About a year ago, my family and I went to a Family Camp with our church. It was deep in the Texas wilderness, a couple hours west of San Antonio. On the way home, we took the back way. I wanted to explore a little. And there was a town I wanted to drive through. I’d read a book written about it once. It was Utopia, Texas.
The book was called “Welcome to Utopia.” It was written by a freelance journalist who got curious and spent time in the tiny town, trying to figure out how little towns like that worked. I remember reading it and it reminding me of Salem. A movie came out about Utopia and I watched it too. It starred Robert Duvall and was about golf.

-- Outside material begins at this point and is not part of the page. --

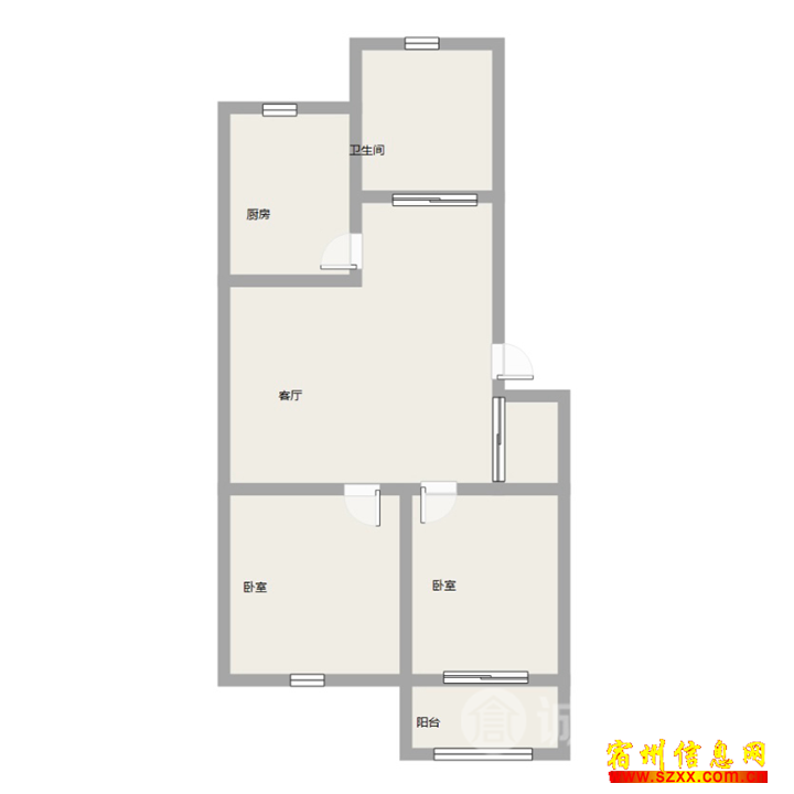 - 市中心三室一厅80平米急售19.8万

Still, I was curious about Utopia.
We drove through the town, which isn’t much, and I tried to connect places I’d read about with what I was seeing. Then we left town and headed for home.
Little did I know I was within a stone’s throw of the home of a Salem native.

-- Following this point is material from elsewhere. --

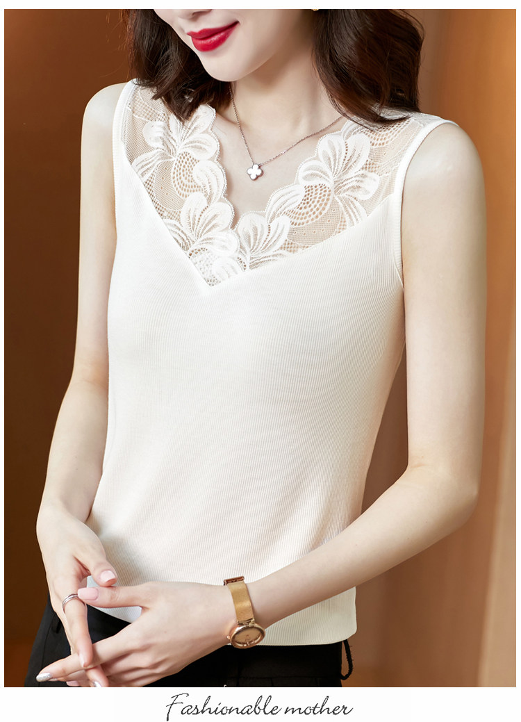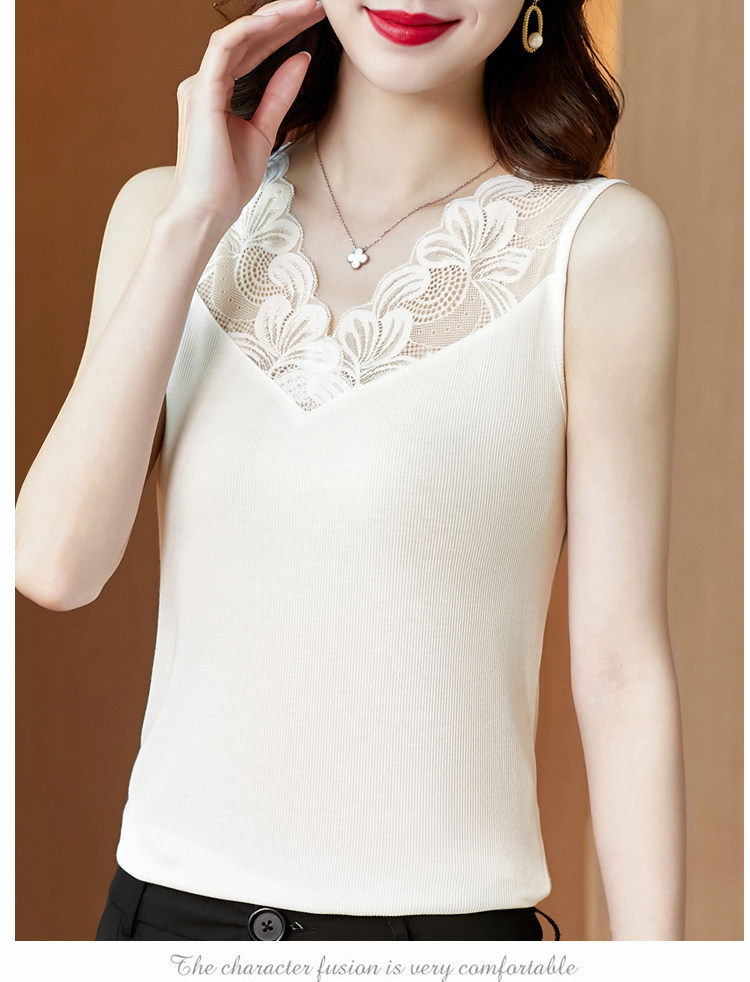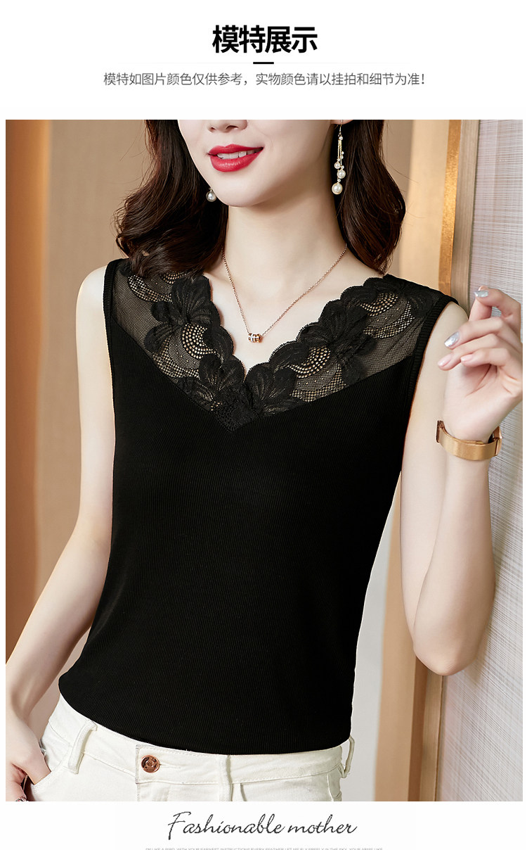 Black modal camisole women's spring and summer top with lace trim V-neck sleeveless suit bottoming shirt

Paulette Jiles was born in Salem on April 4, 1943. She went to University of Missouri-Kansas City and majored in Romance Languages (how cool of a major is that?). She moved to Canada, helping to set up radio stations for indigenous people in the far northern territories. In the process, she learned the Ojibwa language. That’s the language spoken by people of the Anishinaabeg tribes. I’ll bet you’ve never heard of that. I sure haven’t.

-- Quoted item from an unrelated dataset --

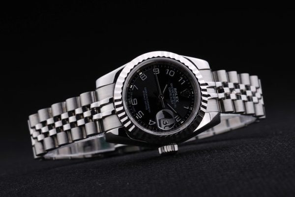 Back: Stainless steel push-in case back with green Rolex logo stamp

I hadn’t heard of Paulette Jiles, either.
As it turns out, the Salem native is a prolific author. She writes memoirs and poems and novels. Her written works include titles such as “Waterloo Express,” “The Jesse James Poems,” “Enemy Women,” and “Cousins.” Her 2016 novel “News of the World” was a finalist for the National Book Award. Most of her books have four or five stars on Amazon.
She’s no slouch, in other words.
This prolific author got her start in southern and central Missouri.
Maybe that’s why after marrying a Texan — and divorcing a Texan — she settled herself in the Texas Hill Country. She lives on what her bio describes as a “small ranch near a very small town with a horse and a donkey.” She also added, “If you want a free donkey, please let me know.” That’s small-town humor, and a small-perspective. Frankly, it’s exactly what you’d expect someone born in Salem to say.
But her current home isn’t all that different from her first home. Utopia is very similar to Salem. I know, because I drove through it once. Right past a ranch owned by a woman who — before she wrote novels that won awards — was from Salem, just like me.